------ THE RECORDS ------

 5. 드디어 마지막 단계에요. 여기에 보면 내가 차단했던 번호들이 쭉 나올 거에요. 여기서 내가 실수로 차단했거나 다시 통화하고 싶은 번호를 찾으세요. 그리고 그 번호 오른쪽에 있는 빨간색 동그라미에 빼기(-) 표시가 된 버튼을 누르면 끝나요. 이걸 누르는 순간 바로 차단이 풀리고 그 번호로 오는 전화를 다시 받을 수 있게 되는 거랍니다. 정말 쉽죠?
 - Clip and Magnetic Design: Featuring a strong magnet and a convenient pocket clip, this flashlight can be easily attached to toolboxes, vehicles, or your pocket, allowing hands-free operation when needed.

------
------ THE RECORDS ------

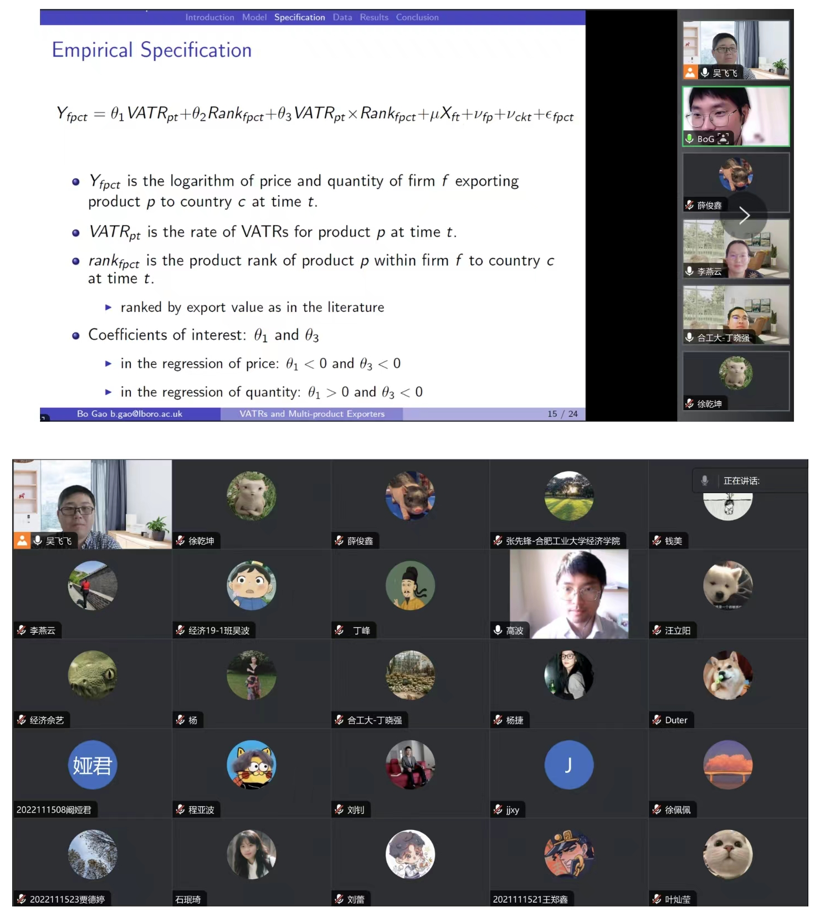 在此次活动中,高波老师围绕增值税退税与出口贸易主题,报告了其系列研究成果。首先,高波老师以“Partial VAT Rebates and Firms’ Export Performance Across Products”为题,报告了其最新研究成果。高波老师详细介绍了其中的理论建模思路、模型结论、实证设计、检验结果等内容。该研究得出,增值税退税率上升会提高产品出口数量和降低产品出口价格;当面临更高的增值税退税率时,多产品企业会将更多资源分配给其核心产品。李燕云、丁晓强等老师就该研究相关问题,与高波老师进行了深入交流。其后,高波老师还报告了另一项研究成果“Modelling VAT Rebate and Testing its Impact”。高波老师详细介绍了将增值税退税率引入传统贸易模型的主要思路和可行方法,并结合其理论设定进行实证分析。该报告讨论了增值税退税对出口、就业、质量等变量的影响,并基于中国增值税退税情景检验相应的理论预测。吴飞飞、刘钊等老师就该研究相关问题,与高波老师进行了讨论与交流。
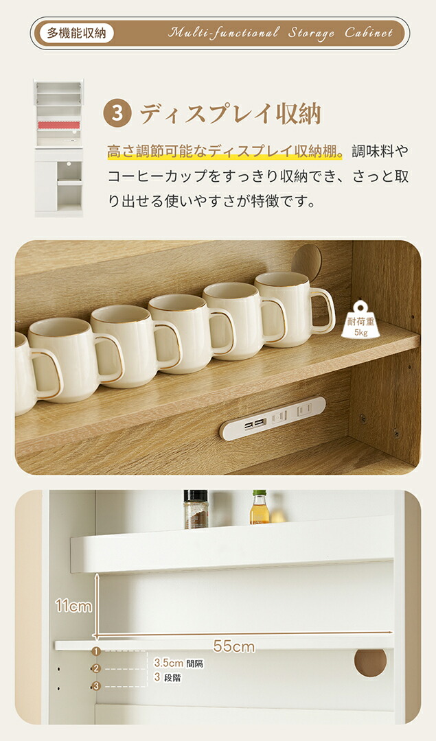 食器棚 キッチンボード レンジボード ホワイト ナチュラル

------

> WHAT YOU SHOULD DO
Set down, exactly as they stand above, the lines starting with the line with "5. 드디어 마지막 단계에요." and going on through the line with "- Clip and Magnetic", and no others.

> WRITTEN ANSWER
 5. 드디어 마지막 단계에요. 여기에 보면 내가 차단했던 번호들이 쭉 나올 거에요. 여기서 내가 실수로 차단했거나 다시 통화하고 싶은 번호를 찾으세요. 그리고 그 번호 오른쪽에 있는 빨간색 동그라미에 빼기(-) 표시가 된 버튼을 누르면 끝나요. 이걸 누르는 순간 바로 차단이 풀리고 그 번호로 오는 전화를 다시 받을 수 있게 되는 거랍니다. 정말 쉽죠?
 - Clip and Magnetic Design: Featuring a strong magnet and a convenient pocket clip, this flashlight can be easily attached to toolboxes, vehicles, or your pocket, allowing hands-free operation when needed.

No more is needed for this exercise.